The safe harbor regime which was initiated by the Central Board of Direct Taxes (“CBDT”) in the year 2013 has now taken another leap to the relief of the Indian taxpayers. On 7th June, the CBDT published a notification making significant changes to the safe harbor rules by amending the Income Tax Rules, 1962. These changes have simplified and enhanced the safe harbor regime in India and are being construed in a positive light by tax payers as of now. At this juncture, we bring to you a simplified note on the working of the safe harbor mechanism along with its related concepts.

To provide certainty to taxpayers, to align safe harbor margins with industry standards and to enlarge the scope of safe harbor transactions, the CBDT has notified a new safe harbor regime.[1] Before proceeding with the salient features of this notification, we take a moment to explain in brief as to what constitutes the safe harbor regime.

Transfer Pricing:

“Transfer price is, thus, a price which represents the value of good; or services between independently operating units of an organisation. But, the expression "transfer pricing" generally refers to prices of transactions between associated enterprises which may take place under conditions differing from those taking place between independent enterprises.”[2]
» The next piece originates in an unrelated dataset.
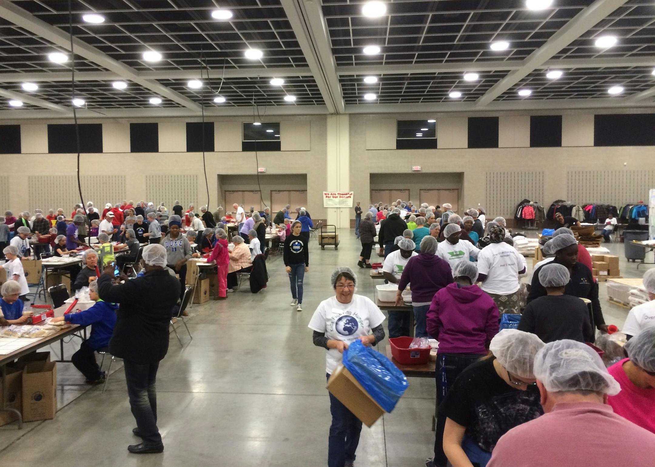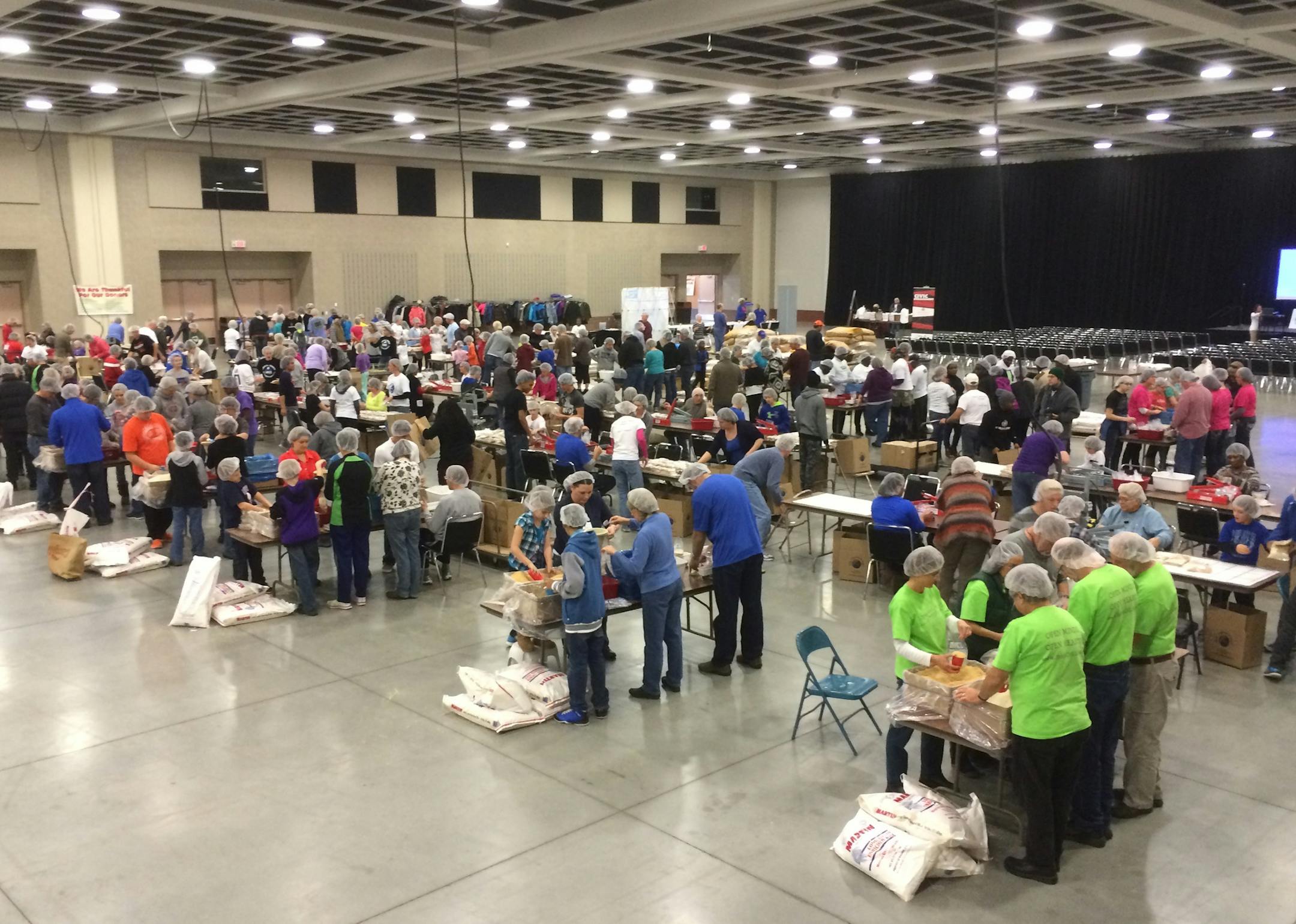 The main sponsor, Kids Fighting Hunger, based in Sauk Rapids, hopes to package enough food to feed 1,300 families for a month, said Pam Beard, executive director. "We have almost 700 volunteers and 50 more waiting to help in this huge space with people busy packaging food," she said.

Many multinational enterprises, having establishments in different countries, adopt different business methods to escape or evade taxes by selling their products/ services, at very low prices, to their entity in a foreign country, having lesser tax duties than the home countries where such products/ services are manufactured. These countries then sell these products/ services where lesser tax duties are applicable. This way the foreign entity makes a huge profit and the home country of the products shows a loss dominant balance sheet, thereby paying lesser and lesser taxes. This is the crux of transfer pricing.

The Income Tax authorities regulate transfer pricing setting a threshold limit below which the entity cannot sell its products/ services via intra group transactions.

Safe Harbour:

Safe harbour is basically a method of regulating transfer pricing by setting up a minimum revenue/ margin which if satisfied by the eligible assesse, the Assessing Officer will accept whatever price is declared by the assesse for providing products/ services to his foreign counter part.

Safe harbour is a boon to these assesssees. By safe harbor, the authorities trust the assesse declared price and accept it. However, this trust is conditional. The assesse has to pass through three filtering stages to become eligible to the benefits of safe harbor.

Firstly, the assessee has to opt for this route. The provisions for application of safe harbor are optional. Secondly, only certain types of entities are eligible. These majorly include entities providing software development services, services related to IT, internet development, contract R & D related software development or general pharmaceutical development or intragroup loans or corporate guarantees etc. These are prescribed in detail in Rule 10TB. Lastly, the transactions should be those prescribed in Rule 10TC. Another important point for qualification is that minimum limit for safe harbor in case of various sectors has to be adhered to.

The new regime initiated by the recently released notifications, has many positive features. It is to be effective from 1st of April, 2017, i.e. A.Y. 2017-18 and shall continue to remain in force for two immediately succeeding years thereafter, i.e. up to A.Y. 2019-2020.

A new category of transactions being “Receipt of Low Value-Adding Intra-Group Services” has been introduced.

The CBDT has introduced a gradation in rates for knowledge process outsourcing services, a structure of 3 different rates of 24%, 21% and 18% has been provided, based on employee cost to operating cost ratio, replacing the single rate of 25% in the previous regime.[3]

In respect of transactions involving provision of contract research and development services wholly or partly relating to software development and provision of contract research and development services wholly or partly relating to generic pharmaceutical drugs, safe harbour margins have been reduced to 24% from 30% and 29% respectively in the previous regime.[4]

In case of risks in intra-group loans denominated in foreign currency, they will be benchmarked to the 6-month London Inter-Bank Offer Rate (LIBOR) as on 30th September of the relevant year and on loans denominated in Indian Rupees to the 1-year SBI MCLR as on 1st April of the relevant year.

We look forward to the positive effect of this new regime in the coming assessment years.